Mathematical Modeling of Aβ-42 Dimerization Dynamics: Integrating Physics-Based Simulations, Graph-Based Variational Autoencoder-Driven Neural Relational Inference, and Chaos Theory

Alzheimer’s disease (AD) is a progressive neurodegenerative disorder characterized by the pathological aggregation of amyloid-beta (Aβ) peptides, particularly Aβ-42, which plays a central role in disease progression. Soluble Aβ dimers have been implicated as the primary neurotoxic species contributing to synaptic dysfunction and cognitive impairment. In this study, we employ a comprehensive computational framework integrating molecular dynamics (MD) simulations, neural relational inference (NRI) modeling, and largest Lyapunov exponent (LLE) analysis to elucidate the molecular mechanisms underlying Aβ-42 dimerization and evaluate the inhibitory potential of small molecules, apigenin and caffeine. Our findings demonstrate that apigenin exhibits a stronger inhibitory effect on Aβ-42 aggregation compared to caffeine. MD simulations reveal that apigenin disrupts monomer–monomer interactions by destabilizing key aggregation-prone regions, particularly residues 29 and 30, as quantified by MM/GBSA binding-free energy calculations.

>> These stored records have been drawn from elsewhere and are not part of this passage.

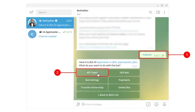 Token bota możesz znaleźć w BotFather: wpisz polecenie /mybots, aby uzyskać listę wszystkich Twoich botów (1) i wybierz ten, którego potrzebujesz. Pojawi się menu, wybierz w nim pozycję API token (2). BotFather wyśle Ci wiadomość z tokenem.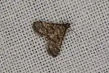 The wingspan is about 15 mm. The wings are pale brown with a pattern of dark brown zigzag lines.[2]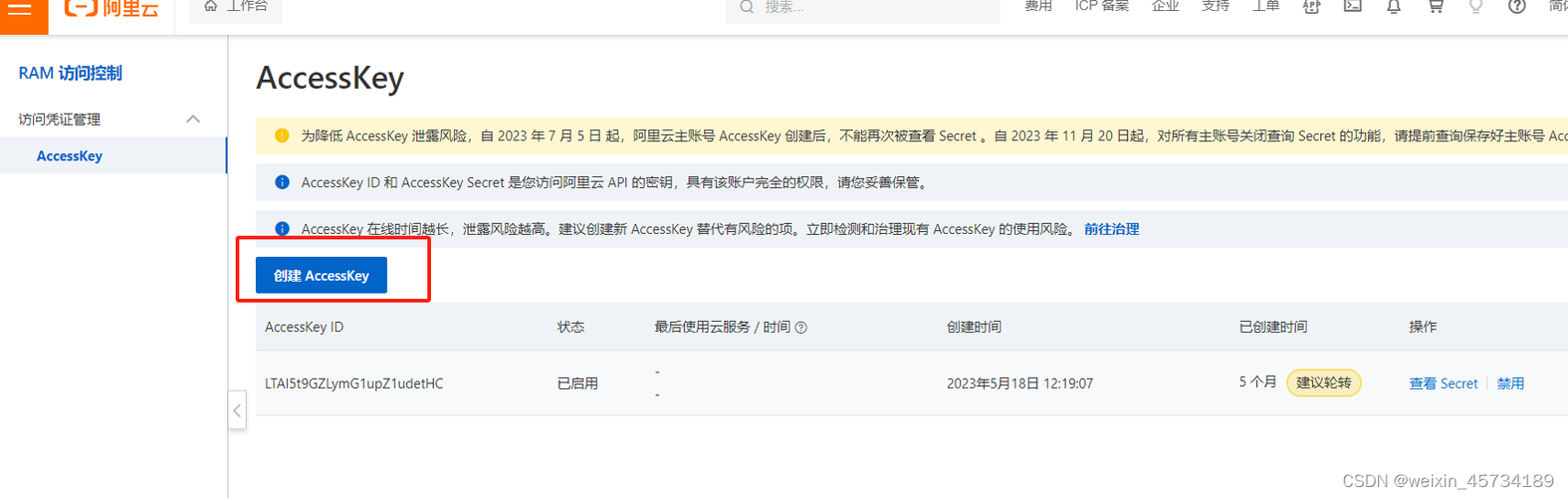 在阿里云AccessKey管理板块,获取或者创建AccessKey。

The application of NRI modeling further confirms the role of apigenin in reducing residue–residue interaction strength, thereby preventing the formation of stable β-sheet structures. Additionally, LLE analysis highlights the ability of apigenin to mitigate chaotic fluctuations within Aβ-42 dynamics, stabilizing monomeric conformations while preventing dimerization. By integrating computational biophysics and mathematical modeling approaches, this study provides a novel mechanistic understanding of Aβ-42 aggregation and offers compelling evidence for apigenin as a promising therapeutic candidate for AD. These findings underscore the potential of natural small molecules in targeting early-stage Aβ-42 aggregation, paving the way for future experimental and clinical investigations.